Dia mungkin tidak pernah bermaksud agar bawahannya bertemu dengan meriam longgar seperti Ruino.

Meskipun dia adalah Kapten Ksatria, dia masih seorang wanita … Dan sebagai wanita dalam posisi seperti itu, dia harus membuat pilihan terbaik yang dia bisa.

Dan mengizinkan Ruino untuk bertemu dengan aku sebagai imbalan untuk menangani cobaan aneh yang kami alami ini sepertinya satu-satunya pilihan yang dia miliki.

aku juga bisa setuju dengan keputusan ini.

Remyl membayangkan bahwa Ruino memang bisa bertemu dengan Iris. Namun, Ruino mengejarku, jadi itu masalah lain kali. – aku akan memastikan untuk mendapatkan dua kali lipat gaji aku bulan ini.

"Aku sudah berbicara denganmu tentang apa yang sedang terjadi … Namun, baik Swordsman Gang dan target Ruino adalah aku. Aku tidak ingin ada bentuk kerjasama apapun mulai saat ini"

“! Tapi kamu berbicara seolah-olah kamu ingin kami membantu kamu dalam hal ini, kan? "

Alia mengerutkan alisnya, karena dia tidak puas dengan apa yang baru saja aku katakan.

Tepat di pantai, aku telah berjanji pada Alia bahwa kami akan bekerja sama – Dan itu benar.

Namun, situasi terus berubah dan berubah.

“Nah, pada saat itu musuh kami masih belum kami kenal. Namun, sekarang dengan Swordsman Gang dan Ruino… Kami cukup jelas tentang siapa musuhnya.

Namun, sepertinya Ruino akan berurusan dengan Swordsman Gang terlebih dahulu, jadi kita hanya harus waspada terhadap mereka saat ini "

“Yah, kalau begitu kita juga harus bisa membawa pedang kita ke pertarungan ini”

Kali ini Iris menjawab ucapan aku.

Keduanya terlihat jelas bahwa mereka juga akan bertarung demi aku. … Dan aku sebenarnya agak bersyukur untuk itu.

Ini di luar dugaan aku, tetapi mereka benar-benar melihat aku sebagai seseorang yang harus mereka lindungi.

Dan aku juga merasakan hal yang sama.

“Tentu saja, menurutku kalian berdua mampu melawan musuh-musuh ini. Namun,… Di atas segalanya, kamu adalah siswa ”

"Kita tahu. Tetap saja, kamu juga masih anak-anak, Tuan Schweiss "

“aku mungkin masih anak-anak, namun, aku juga seorang guru akademi – Dan di atas itu seorang ksatria. Kota ini sudah dipenuhi dengan ksatria dan kaptennya sendiri juga.

Jika aku boleh terus terang, kerja sama kamu tidak diperlukan di sini ”

“….”

Iris menjadi agak jauh saat aku mengatakan ini. – Mengatakan bahwa dia tidak dibutuhkan sepertinya melukai harga dirinya.

Tapi itu bukan hanya Iris. Alia mungkin tidak memiliki banyak ekspresi sama sekali di wajahnya, namun dia mungkin masih merasa sakit hati dengan kata-kata ini. Namun, ini tidak banyak berubah seperti sekarang.

“- Jadi jika musuh datang untuk menyerang, serahkan padaku. Jangan khawatir tentang ini. Baik?"

“… Dimengerti”

“Alia, apa kamu juga menurut?”

aku tidak akan. Tetapi jika kamu berkata demikian, aku akan menurut "

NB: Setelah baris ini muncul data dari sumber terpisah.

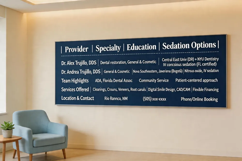 Dr. Alex Trujillo, DDS, earned his Doctor of Dentistry degree from the Central East University of the Dominican Republic and New York University College of Dentistry. Practicing privately since 2004, he specializes in dental restoration and is certified by the State of Florida in IV conscious sedation. Dr. Andrea Trujillo, also a general and cosmetic dentist, graduated from Nova Southeastern University and holds a doctorate from La Pontificia Universidad Javeriana in Bogotá, Colombia. Both are active members of the ADA, Florida Dental Association, and regional dental societies, and they regularly engage in community service. Their practice offers a full spectrum of services—from routine cleanings and crowns to porcelain veneers, bridges, and root canals—using advanced technology such as digital smile design, intra‑oral scanners, and CAD/CAM milling. A patient‑centered approach ensures comfort through options like nitrous oxide, IV sedation, and a calming office environment, making high‑quality, personalized dental care accessible for families in the Rio Rancho area.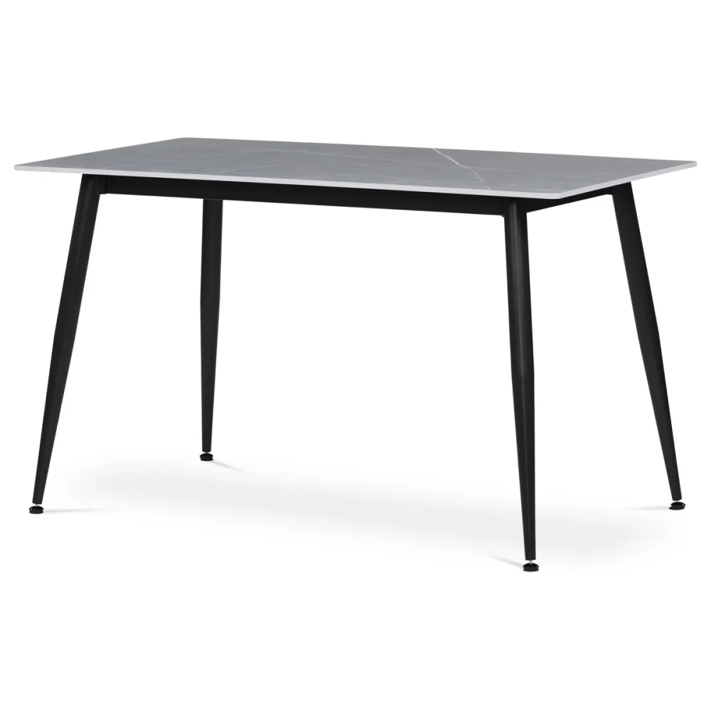 Materiál kombinuje slinutý kámen a kov pro trvanlivost a snadnou údržbu. Barva je černá s imitací mramoru, která dodá eleganci do jídelního prostoru. Rozměry činí 130 cm na šířku, 76 cm na výšku a 70 cm na hloubku, tedy pohodlný prostor pro běžné stravování. Dodání je v rozloženém stavu.

“Terima kasih, itu membantu. Meskipun begini – Aku tidak menyuruhmu untuk tidak melakukan apa-apa ”

“! Jadi maksudmu…. ”

“Kami tidak diragukan lagi berada dalam kondisi siaga tinggi. Jadi, tidak dapat dipungkiri bahwa aku harus dipisahkan dari para siswa. Dan jika itu terjadi, aku butuh bantuan kamu "

“Apakah kamu meminta Iris dan aku untuk melindungi siswa lain?”

“aku pikir kalian berdua lebih dari mampu melakukannya. Tentu saja, keselamatanmu dijamin olehku dan ksatria lainnya. Namun, aku ingin memberikan tugas ini kepada kalian berdua. Maukah kamu menerimanya? ”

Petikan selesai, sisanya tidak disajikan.